Yeah, there’s so much more respect given, and which also leads to more doorways as a chef. So I came to America, I became a private chef, and I cooked for this gentleman for several years, then he ended up dying from age, not from food poisoning!

Hahahaha!

And then I realized then, “shit, is this really what I want to do?” Because when you’re a private chef, you’re kind of a slave to that person, you’re still working for a boss, that person is still telling you what to do, and you still, in a way, have a 9 to 5 job. Because you have to show up, cook them lunch, cook them dinner, and then you leave. And at the end of the week, you’ve got a paycheck. But if you don’t show up, there’s a lot of “why weren’t you blah blah blah?” Or if you don’t cook the dish he wants, I was just like, “You know what? I don’t want this anymore.” And then I realized, I’ve been doing this for 16 years, I cooked for 16 years and I was like, nah, I don’t want to do this anymore. And I had no idea what I wanted to do. So my girlfriend at the time was a stylist/costume designer, she did a lot of video, music videos. Back then, there were still a lot of music videos, and a lot of creativity, and a lot of money for music videos. She had this little shitty camera, this little shitty digital camera she would always take pictures with, and on set she was always taking pictures to remember the clothing.

Continuity and all that.

Yeah, and also, to give the magazine credit when they needed credits, “what was such and such wearing?” She would have a picture. And I would sometimes take her camera and just take pictures with it, and I really enjoyed it, and I think I bought myself a little shitty digital camera, a $60 dollar Sony camera, 3 megapixel camera, and I started to realize, I really like taking pictures, I really enjoy it. And then one day I was on set, and my girlfriend says, “hey Eliot, do you want to assist me on this job, because there’s a lot of costumes, and this photographer really likes your aesthetic Eliot, so I kind of have to dress them the way you dress.” I dressed a lot different, I liked really tailored suits, like Jack the Ripper kind of stuff. Long story short, I start taking pictures on set for her, but at the same time…

For yourself, too.

I was taking pictures of the models, but the photographer had said, “hey, no pictures on set, please turn off your phones…”

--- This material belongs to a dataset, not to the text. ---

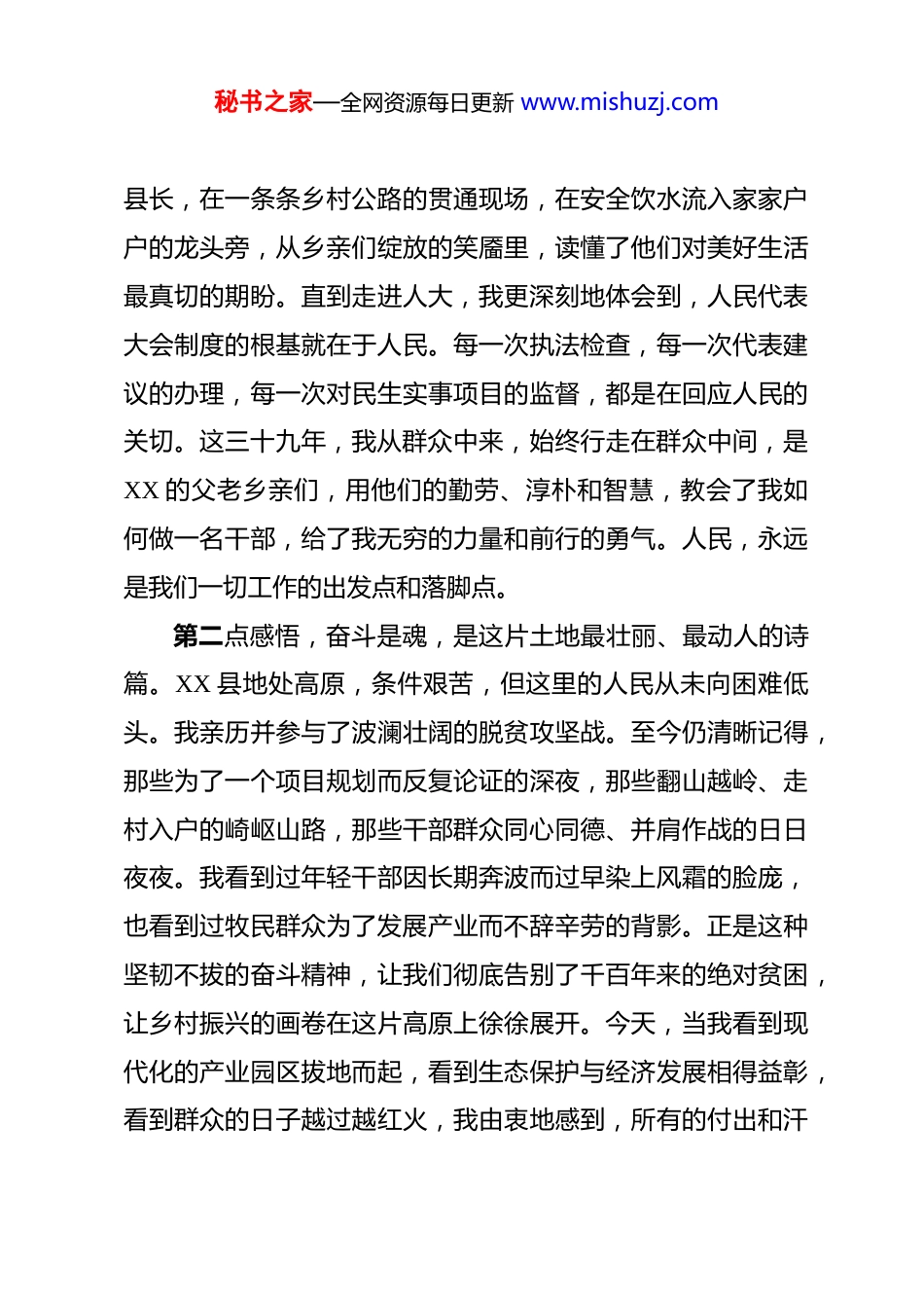 秘书之家—全网资源每日更新 www.mishuzj.com人大主任在县人大常委会会议上的离任感言 各位组成人员,同志们:今天,是我作为县人大常委会主任,最后一次站在这里发言。从三十九年前走上工作岗位,到今天卸下肩头的重任,时光如白驹过隙,转瞬即逝。此时此刻,站在这熟悉的会场,望着一张张熟悉的面孔,我的内心百感交集,既有释然与欣慰,更有无限的感慨与不舍。XX 的山山水水,人大的点点滴滴,如同电影一般在脑海中回放,万语千言,涌上心头。回望这近四十年的职业生涯,就像一场漫长而深刻的旅行从三尺讲台到机关大院,从广阔乡野到政府部门,再到人大的神圣殿堂,我的人生轨迹与 XX 这片土地的发展紧密相连。这些经历,早已不是履历上简单的几行文字,而是熔铸于血脉、镌刻于心底的生命印记。岁月流转,几度春秋,沉淀下来的是三点最为深切的感悟。第一点感悟,人民是根,是这片土地最深沉、最雄浑的力量。三十九年前,我作为一名教师,从孩子们清澈求知的眼神中,看到了 XX 的未来与希望。后来,担任乡镇党委书记,我曾为化解牧民的草场纠纷,在彻夜不熄的帐篷里,握着一双双粗糙而温暖的手,感受到了群众最朴素的信任;我也曾作为副秘书之家—全网资源每日更新 www.mishuzj.com县长,在一条条乡村公路的贯通现场,在安全饮水流入家家户户的龙头旁,从乡亲们绽放的笑靥里,读懂了他们对美好生活最真切的期盼。直到走进人大,我更深刻地体会到,人民代表大会制度的根基就在于人民。每一次执法检查,每一次代表建议的办理,每一次对民生实事项目的监督,都是在回应人民的关切。这三十九年,我从群众中来,始终行走在群众中间,是XX 的父老乡亲们,用他们的勤劳、淳朴和智慧,教会了我如何做一名干部,给了我无穷的力量和前行的勇气。人民,永远是我们一切工作的出发点和落脚点。第二点感悟,奋斗是魂,是这片土地最壮丽、最动人的诗篇。XX 县地处高原,条件艰苦,但这里的人民从未向困难低头。我亲历并参与了波澜壮阔的脱贫攻坚战。至今仍清晰记得,那些为了一个项目规划而反复论证的深夜,那些翻山越岭、走村入户的崎岖山路,那些干部群众同心同德、并肩作战的日日夜夜。我看到过年轻干部因长期奔波而过早染上风霜的脸庞,也看到过牧民群众为了发展产业而不辞辛劳的背影。正是这种坚韧不拔的奋斗精神,让我们彻底告别了千百年来的绝对贫困,让乡村振兴的画卷在这片高原上徐徐展开。今天,当我看到现代化的产业园区拔地而起,看到生态保护与经济发展相得益彰,看到群众的日子越过越红火,我由衷地感到,所有的付出和汗秘书之家—全网资源每日更新 www.mishuzj.com水都是值得的。奋斗,是我们创造一切辉奇迹的制胜法宝。第三点感悟,责任是天,是共产党人最崇高、最神圣的使命。从入党宣誓的那一刻起,责任二字就重于泰山。从当一名干部开始,这份责任就具体到每一项工作、每一件事情上。作为副县长,责任是守护好这里的绿水青山,发展好富民的特色产业;作为市直机关的干部,责任是站在更高的层面为一方发展谋篇布局。而作为人大主任,这份责任更显庄严。它意味着要维护宪法和法律的尊严,确保党的路线方针政策得到贯彻执行;它意味着要尊重代表的主体地位,支持和保障他们依法履职;它意味着要将人民的呼声和期盼,转化为推动政府改进工作的有效监督。我深知能力有限,才学不逮,但我始终怀着一颗对党和人民的赤诚之心,恪尽职守,夙夜在公,不敢有丝毫懈怠。我可以说,面对每一项工作,我尽了一个党员的忠诚;面对每一位同志,我尽了一份公民的良心;面对这份职务,我尽了自己全部的职责。站在这里,心中充满感谢。感谢组织的培养与信任,是组织给了我为人民服务的平台和机会,让我在不同岗位上锻炼成长。感谢历届县委、县政府、县政协、县人武部的领导和同事们,大家和衷共济、密切配合,共同推动了 XX 的持续发展。特别要感谢人大常委会的各位组成人员、各位代表和机关的全秘书之家—全网资源每日更新 www.mishuzj.com体同志们,我们一起走过了许多难忘的岁月,在依法履职的道路上风雨同舟,结下了深厚的情谊。你们的敬业精神、专业素养和无私奉献,时常感动...

Or whatever you had back then.

 “…please don’t take pictures!” I was still taking pictures, and it would interfere with the strobe, with the flash, and he would turn around and be like, “what’s going on?” He was yelling at his assistants, “what’s going on with the strobes? Why are they going off?” And then my girlfriend said, “Eliot! Turn off your flash! It’s interfering with the strobe!” I was like, “oh shit,” so I turned it off. So here I was thinking I outsmarted the photographer by turning off the flash and taking pictures, and going, “oh, I got some cool pictures of these cool looking models,” and I went outside to smoke a cigarette, and I put my camera on the table, went to grab something out of the car,  and it was lunchtime, and the photographer sits down, and my girlfriend was sitting next to him, and he grabs the camera, and he starts looking through the camera. And he goes, “what the fuck is this? These pictures are amazing!” And I come walking in, he’s with the camera, and he sees me, and imagine this, there’s a table with a handful of beautiful girls, models, my girlfriend is sitting next to him, his assistants, and I come walking in, and points to the camera, “what the fuck is this?” And I turn bright red, I go, “uhhh, I’m just taking pictures for the stylist, for credit!” He goes, “these pictures are amazing” And I thought he was being sarcastic, that he was making fun of me, and he said, “If I sent these pictures to the magazines, or if I send mine, they’ll take yours!” And again, I thought he was being sarcastic, and I thought he was making fun of me, so I kind of just, I turned around and said, “you know what, you’re kind of an asshole.” And I walked back out, and then my girlfriend came and was like, “he’s really serious, he told me that he really loves your pictures.” So I was like, “well, he’s got a funny way of saying it.” 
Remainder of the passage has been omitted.